— EXERCISE DIRECTIONS —
Below is a block of entries; repeat all of it exactly but omit the pictures.

— EXCERPTED DATA —
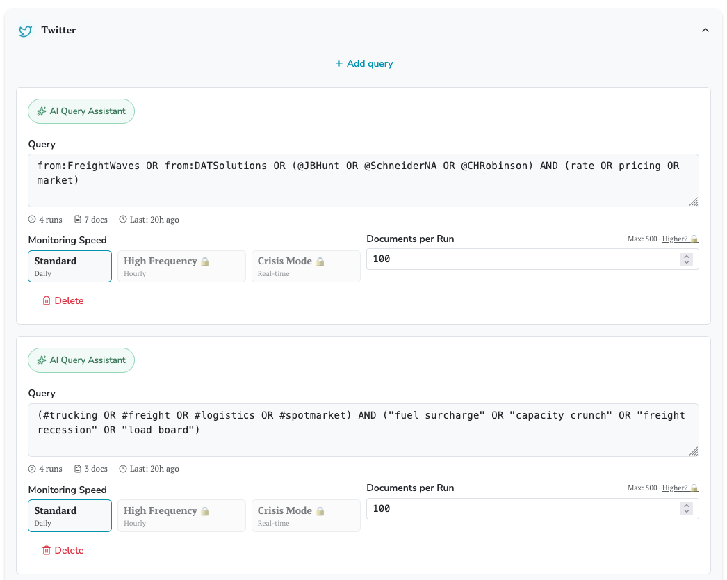 There are many social listening platforms that complicate the process of query building. That is, the search phrase and filters we use to pull data from Twitter/X.
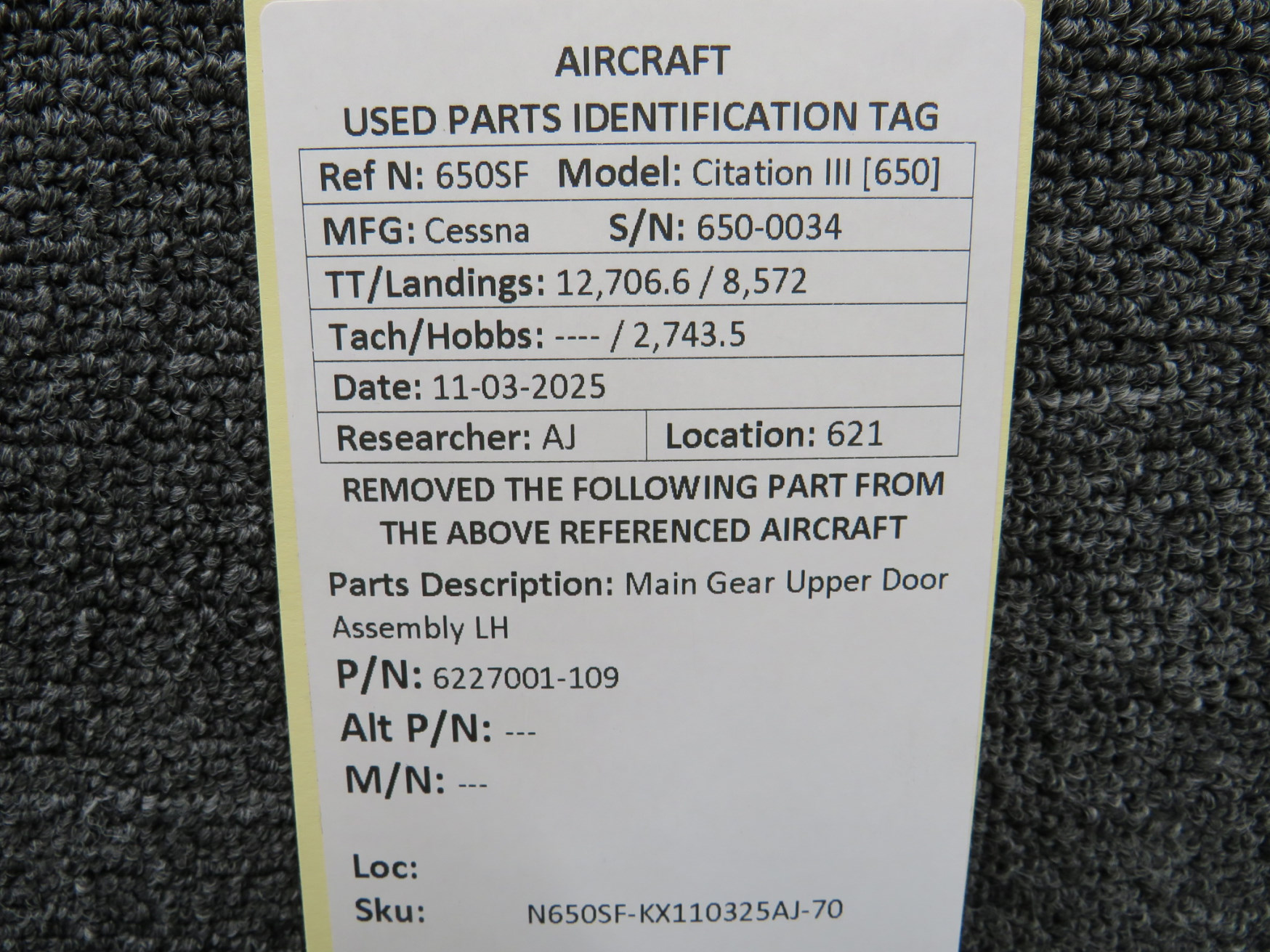 Unless specifically noted, most of our used airplane parts are sold in the condition they were removed, which means you should expect the usual signs of wear and tear.
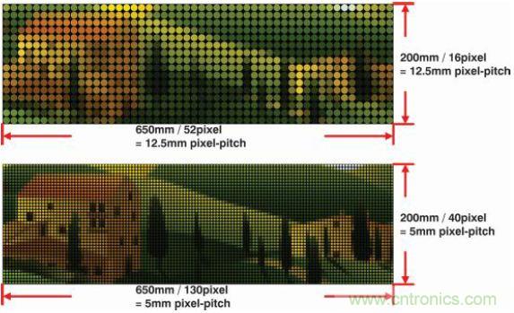 例如,5m視距的系統需要5mm像素間距來實現良好分辨率。另一個視覺實例如圖7所示,圖中展示了過低像素間距如何降低輸出影像質量。像素間距為12.5mm 的影像(上)看起來很粗糙,無法近距離辨識。但保持一定的距離觀看時影像開始變得清晰,與觀看像素間距為5mm的影像(下)類似。這個實例清楚地說明了視距與像素間距的關系。
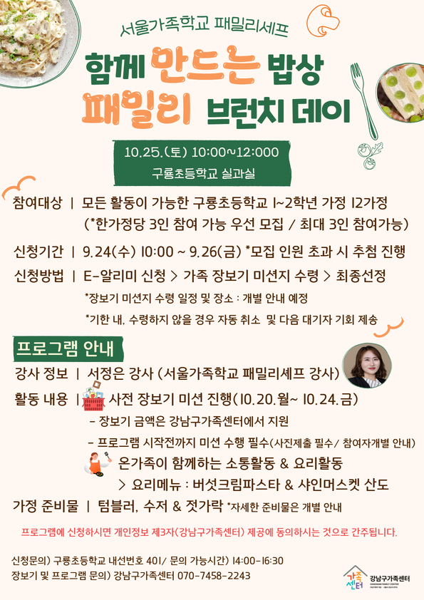 구룡초등학교에 다니는 자녀 가정으로만 모집되어 완료되었습니다!
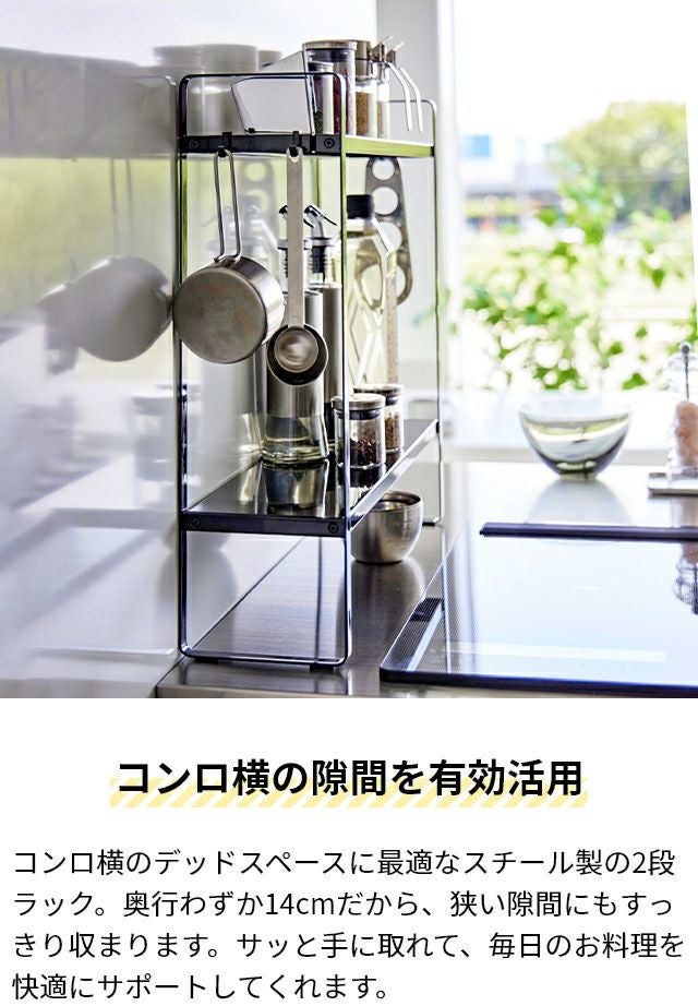 他の画像を見る 奥行わずか14cmで、コンロ横に置けるスリムキッチンラック。調味料や鍋フタを一箇所に集結させます。高床式なので、調理中の油はねが気になりにくく、お手入れも楽ちん。 山崎実業 下が拭けるコンロ横ラック タワー 2段 1991 1992 収納ラック キッチンラック 調味料ラック 棚 スチール 隙間収納 おしゃれ キッチン収納 スリム 組み立て式 フック 背板なし 小物 賃貸 tower キッチン収納 yamazaki タワーシリーズ 当店特別価格 ¥ 4,840 税込 詳細を見る お気に入りに登録する
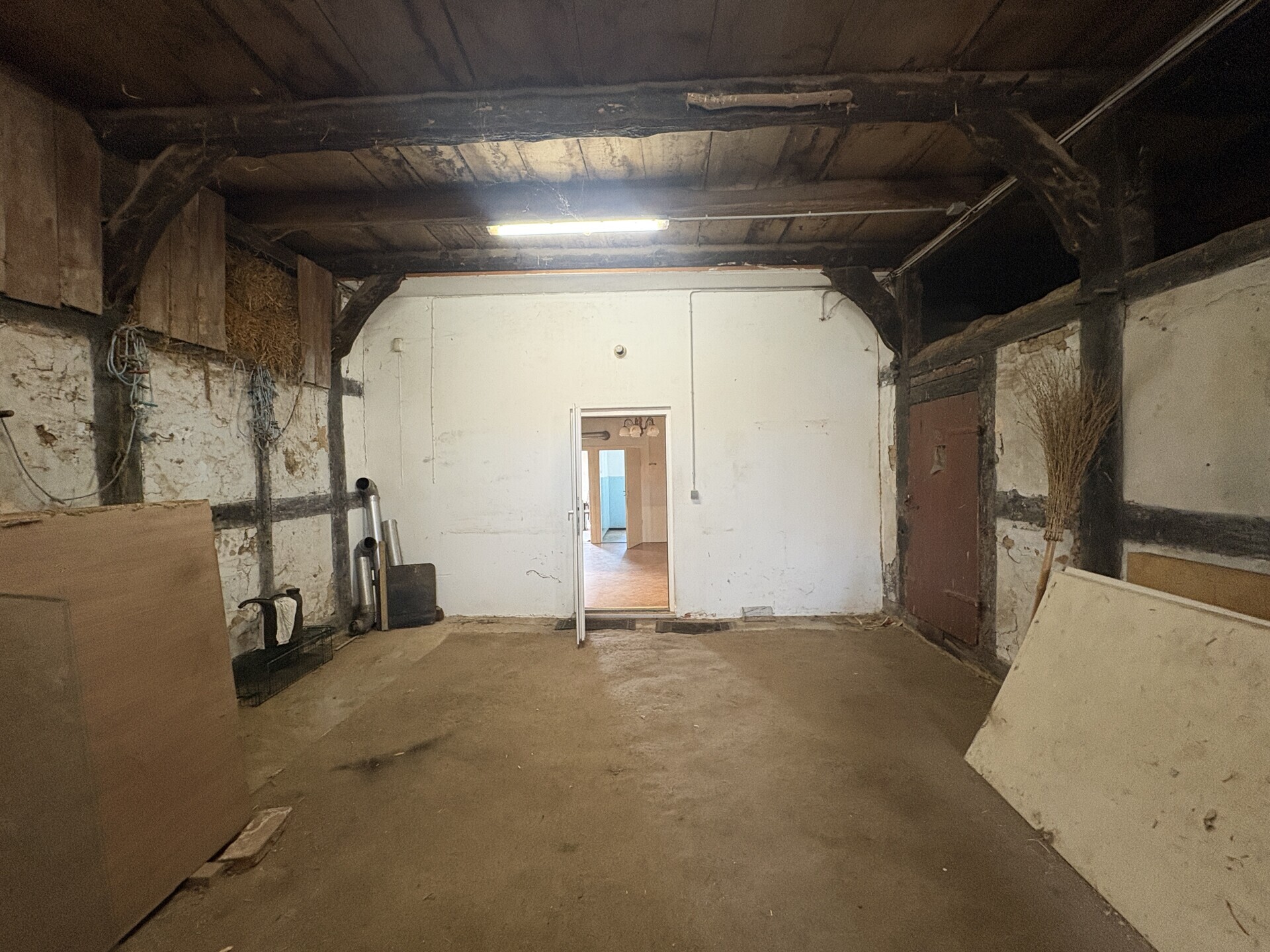 Als Nebengebäude sind ein massiver Stall mit ausgebauter Werkstatt und Garage sowie eine abgängige Holzscheune vorhanden. Der nördliche Giebel des Stallgebäudes bricht heraus und das Dach ist undicht.
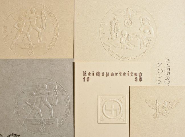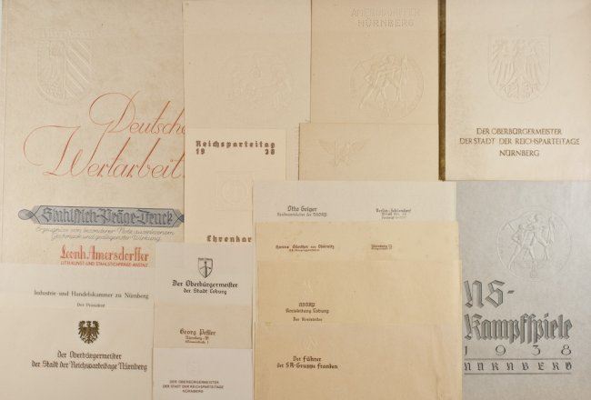 Excellent grouping of 15 printing samples produced by printer Leonhard Amersdorffer in Nuremberg for German administrators. The printer excelled in embossing, and most items bear large embossments which may not exist elsewhere. Samples include items prepared for the mayor, Reichs Party Day 1938 and 1939, letterheads for members of the S.A. and political leaders, etc. Nuremberg Rally 1939 named the "Rally of Peace" was cancelled at short notice when one day before the planned opening, Germany invaded Poland. Overall fine.
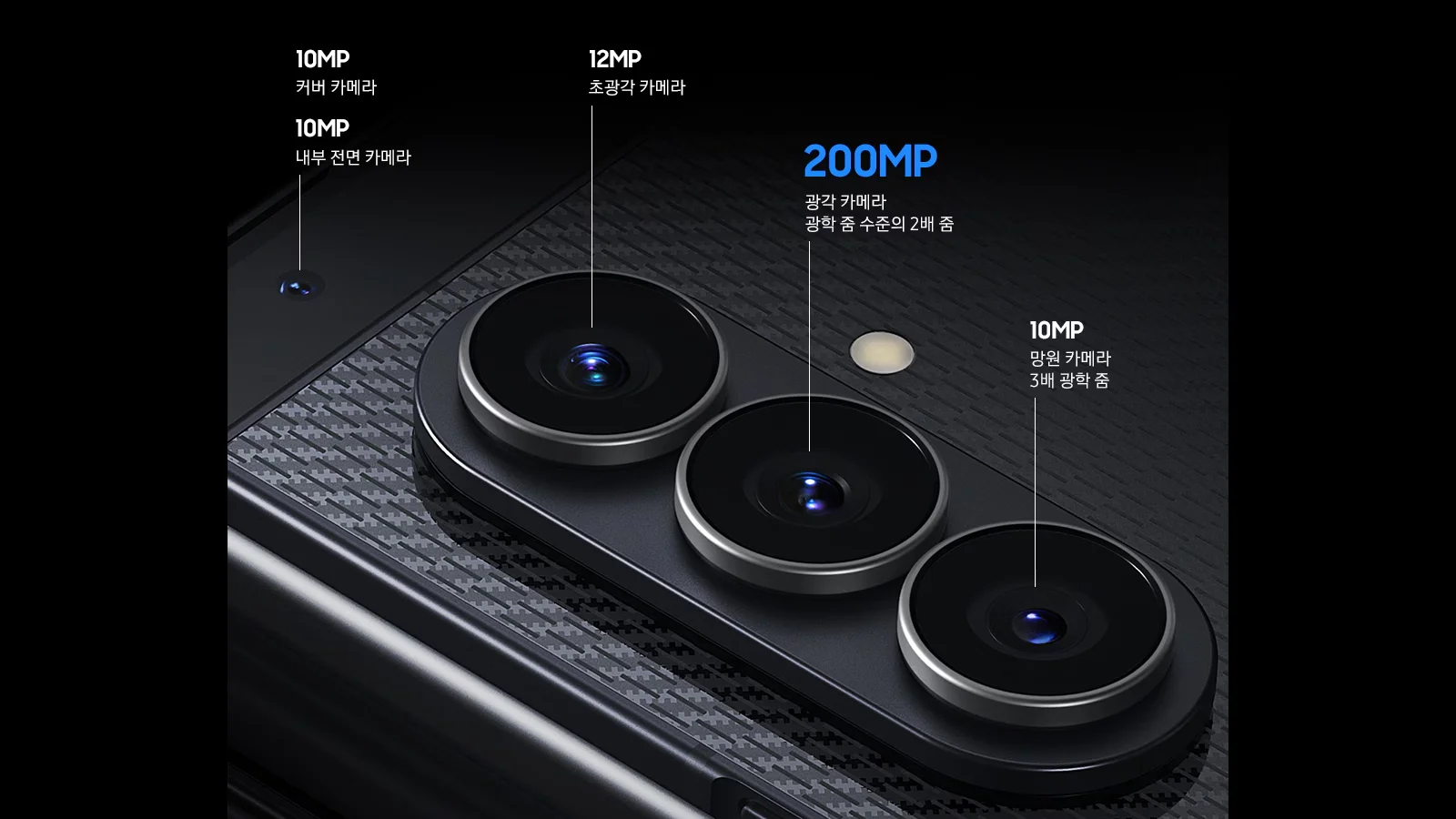 Задня панель успадковує потрійну камеру Z Fold7, що складається з основного модуля 200 МП (ISOCELL HP2), 10-мегапіксельного телефотосенсора з 3-кратним зумом та 12-мегапіксельного надширококутного об’єктива.

— SOLUTION TO THE PROBLEM —
 There are many social listening platforms that complicate the process of query building. That is, the search phrase and filters we use to pull data from Twitter/X.
 Unless specifically noted, most of our used airplane parts are sold in the condition they were removed, which means you should expect the usual signs of wear and tear.
 例如,5m視距的系統需要5mm像素間距來實現良好分辨率。另一個視覺實例如圖7所示,圖中展示了過低像素間距如何降低輸出影像質量。像素間距為12.5mm 的影像(上)看起來很粗糙,無法近距離辨識。但保持一定的距離觀看時影像開始變得清晰,與觀看像素間距為5mm的影像(下)類似。這個實例清楚地說明了視距與像素間距的關系。
 구룡초등학교에 다니는 자녀 가정으로만 모집되어 완료되었습니다!
 他の画像を見る 奥行わずか14cmで、コンロ横に置けるスリムキッチンラック。調味料や鍋フタを一箇所に集結させます。高床式なので、調理中の油はねが気になりにくく、お手入れも楽ちん。 山崎実業 下が拭けるコンロ横ラック タワー 2段 1991 1992 収納ラック キッチンラック 調味料ラック 棚 スチール 隙間収納 おしゃれ キッチン収納 スリム 組み立て式 フック 背板なし 小物 賃貸 tower キッチン収納 yamazaki タワーシリーズ 当店特別価格 ¥ 4,840 税込 詳細を見る お気に入りに登録する
 Als Nebengebäude sind ein massiver Stall mit ausgebauter Werkstatt und Garage sowie eine abgängige Holzscheune vorhanden. Der nördliche Giebel des Stallgebäudes bricht heraus und das Dach ist undicht.
 Excellent grouping of 15 printing samples produced by printer Leonhard Amersdorffer in Nuremberg for German administrators. The printer excelled in embossing, and most items bear large embossments which may not exist elsewhere. Samples include items prepared for the mayor, Reichs Party Day 1938 and 1939, letterheads for members of the S.A. and political leaders, etc. Nuremberg Rally 1939 named the "Rally of Peace" was cancelled at short notice when one day before the planned opening, Germany invaded Poland. Overall fine.
 Задня панель успадковує потрійну камеру Z Fold7, що складається з основного модуля 200 МП (ISOCELL HP2), 10-мегапіксельного телефотосенсора з 3-кратним зумом та 12-мегапіксельного надширококутного об’єктива.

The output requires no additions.